By JAN LARSON McLAUGHLIN
BG Independent News
The strict voter purging process used in Ohio was given the stamp of approval by the U.S. Supreme Court earlier this week.
The Wood County Board of Elections – like the rest of the state – has been on hold since the legitimacy of the voter purging has been debated in the courts. But soon, people will again be dropped from the voter rolls if they don’t meet state requirements.
The local board of elections will be charged with making the cuts. Carol DeJong, one of the directors at the Wood County Board of Elections, said her opinion on the court ruling was irrelevant.
“We are Switzerland here at the board of elections,” she said on Wednesday.
“We will of course have to wait till we get instructions from the state,” DeJong said. But since the process of reviewing voting rolls is customary in January and February, she didn’t expect any voters would be purged prior to the general election this fall. The National Voter Registration Act prohibits dropping voters too close to an election, she said.
“I don’t expect that we will hear anything new until the beginning of 2019,” she said.
The last time Wood County did any purging of voter names was in 2015.
That year more than 3,400 registered voters in Wood County were purged from the voting rolls following a directive from the Ohio Secretary of State Jon Husted.
However, in 2016 a federal appeals court found that Ohio’s process for maintaining its voter rolls violated federal law. A judge ruled that Ohio voters who were improperly removed from registration lists could cast ballots in the 2016 presidential election.

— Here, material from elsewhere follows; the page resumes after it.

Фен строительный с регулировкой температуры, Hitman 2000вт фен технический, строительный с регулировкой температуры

But since those names had already been purged, the ruling meant if a person showed up at the polls and was not on the official list, they would be allowed to vote by a provisional ballot. A provisional ballot is a paper ballot that is held in a sealed envelope with the voter’s identification. If the identification information was verified by the elections board staff, the provisional ballot was counted.
Wood County Board of Elections did not encounter any citizens purged from the list, who wished to vote, Director Terry Burton said.

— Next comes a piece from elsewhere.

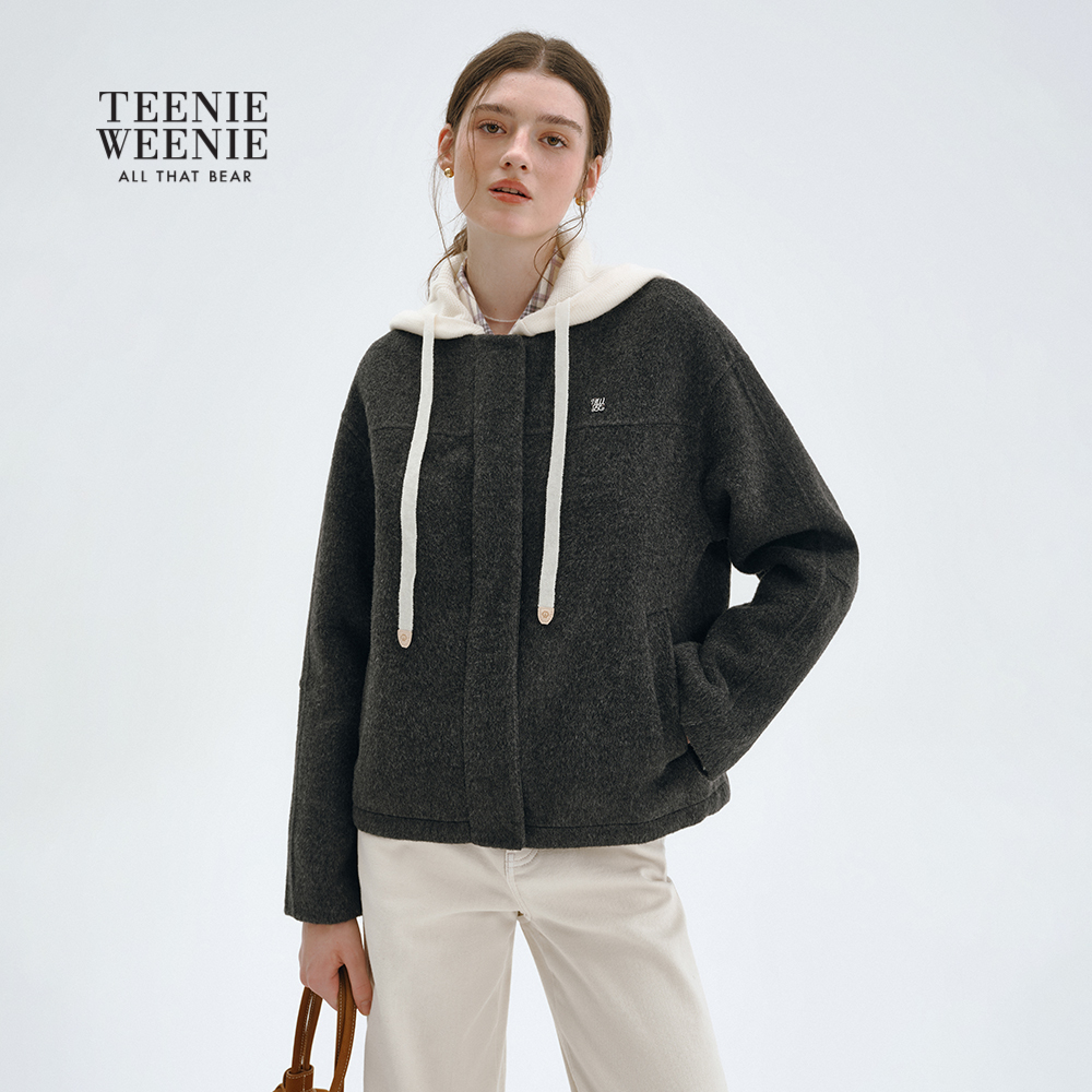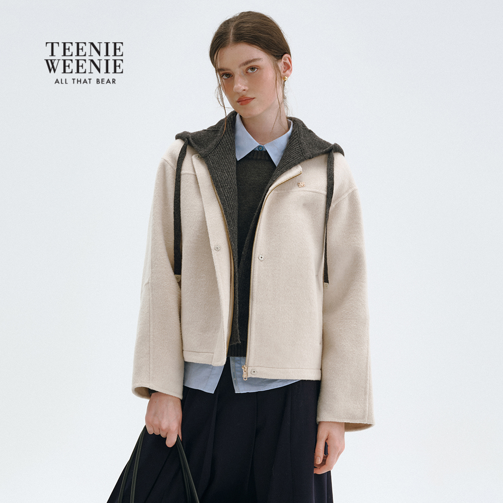 TeenieWeenie小熊女毛呢外套25秋冬连帽大衣 轻绒智型通勤大衣
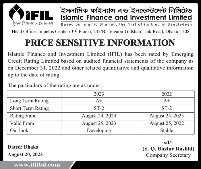 Price Sensitive Information of Islamic Finance & Investment Ltd

“Those people had been through an eight-year process,” of not voting and not responding to notices, he said.
But those who send back the stamped envelope will keep their place on the voter rolls.

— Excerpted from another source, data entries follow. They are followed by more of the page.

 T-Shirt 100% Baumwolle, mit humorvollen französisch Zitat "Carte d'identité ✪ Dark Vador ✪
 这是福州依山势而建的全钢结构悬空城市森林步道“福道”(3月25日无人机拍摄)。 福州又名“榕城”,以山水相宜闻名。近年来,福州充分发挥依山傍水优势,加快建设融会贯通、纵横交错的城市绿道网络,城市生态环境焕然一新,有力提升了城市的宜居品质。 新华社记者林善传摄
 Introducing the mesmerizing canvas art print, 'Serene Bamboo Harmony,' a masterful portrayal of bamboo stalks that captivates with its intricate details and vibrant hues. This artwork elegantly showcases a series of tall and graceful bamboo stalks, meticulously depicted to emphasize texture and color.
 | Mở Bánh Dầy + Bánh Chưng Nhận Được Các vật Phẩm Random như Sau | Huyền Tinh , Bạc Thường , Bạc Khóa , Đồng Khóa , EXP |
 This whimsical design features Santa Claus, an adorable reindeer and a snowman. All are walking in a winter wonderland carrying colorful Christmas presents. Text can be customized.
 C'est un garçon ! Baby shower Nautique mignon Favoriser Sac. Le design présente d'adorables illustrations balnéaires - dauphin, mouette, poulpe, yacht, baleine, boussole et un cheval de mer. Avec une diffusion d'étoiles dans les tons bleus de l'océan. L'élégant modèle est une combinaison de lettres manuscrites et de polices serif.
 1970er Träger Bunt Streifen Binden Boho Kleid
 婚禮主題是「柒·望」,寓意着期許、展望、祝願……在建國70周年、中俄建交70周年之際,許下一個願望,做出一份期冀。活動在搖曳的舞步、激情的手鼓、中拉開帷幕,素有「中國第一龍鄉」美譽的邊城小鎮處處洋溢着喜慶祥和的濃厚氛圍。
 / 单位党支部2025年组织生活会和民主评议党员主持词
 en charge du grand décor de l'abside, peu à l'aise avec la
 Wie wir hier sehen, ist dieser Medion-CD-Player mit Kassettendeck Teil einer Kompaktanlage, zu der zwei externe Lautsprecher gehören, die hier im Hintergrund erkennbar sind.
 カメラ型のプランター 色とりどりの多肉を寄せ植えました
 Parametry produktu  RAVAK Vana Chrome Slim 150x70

“Those people we hear from, their status is active,” DeJong said.
Bowling Green sees a lot of inactive voters due to its university population, she said.
“Kids are here for a while, they get registered here for a while, then they more,” DeJong said. And for those who move out of state, there is no system in place to know if they have registered elsewhere.
The case that put the spotlight on the voter purging was brought by Larry Harmon, a software engineer and Navy veteran who lives near Akron. He voted in the 2004 and 2008 presidential elections but not in 2012. He also sat out the midterm elections in 2010 and 2014.
But in 2015, Harmon did want to vote against a ballot initiative to legalize marijuana and found that his name had been cut from the voting rolls. State officials said that they had done so after sending Harmon a notice in 2011 asking him to confirm his eligibility to vote and that he did not respond. Harmon said he did not remember getting a notice, but he was dropped from the voter rolls.
Since then, the voter purging has been debated in the courts. A lower court ruling found the state policy violated a federal law aimed to make it easier for U.S. citizens to register to vote. The 1993 National Voter Registration Act bars states from striking registered voters “by reason of the person’s failure to vote.”
Ohio is one of seven states, along with Georgia, Montana, Oklahoma, Oregon, Pennsylvania and West Virginia, that erase infrequent voters from registration lists. Ohio’s policy is the most aggressive.
Registered voters in Ohio who do not vote for four years are sent registration confirmation notices. If they do not respond and do not vote over the subsequent four years, their names are purged from the voting rolls.
Husted has maintained that the purging is legal and that over five years his office has removed 465,000 deceased voters and 1.3 million duplicate registrations.
By a 5-4 vote that split the conservative and liberal justices, the Supreme Court rejected arguments in a case from Ohio that the practice violates a federal law intended to increase the ranks of registered voters.
Voter access to polls is being debated around the nation. Democrats have accused Republicans of trying to suppress votes from minorities and poorer people who tend to vote for Democrats. Republicans have argued that they are trying to promote ballot integrity and prevent voter fraud.
Civil rights groups said the court should be focused on making it easier for people to vote, not allowing states to put up roadblocks to casting ballots.
DeJong said boards of elections will be waiting till next year to do any purging – especially since a new secretary of state will be elected this fall.
“We will get a full set of instructions from the secretary of state,” she said.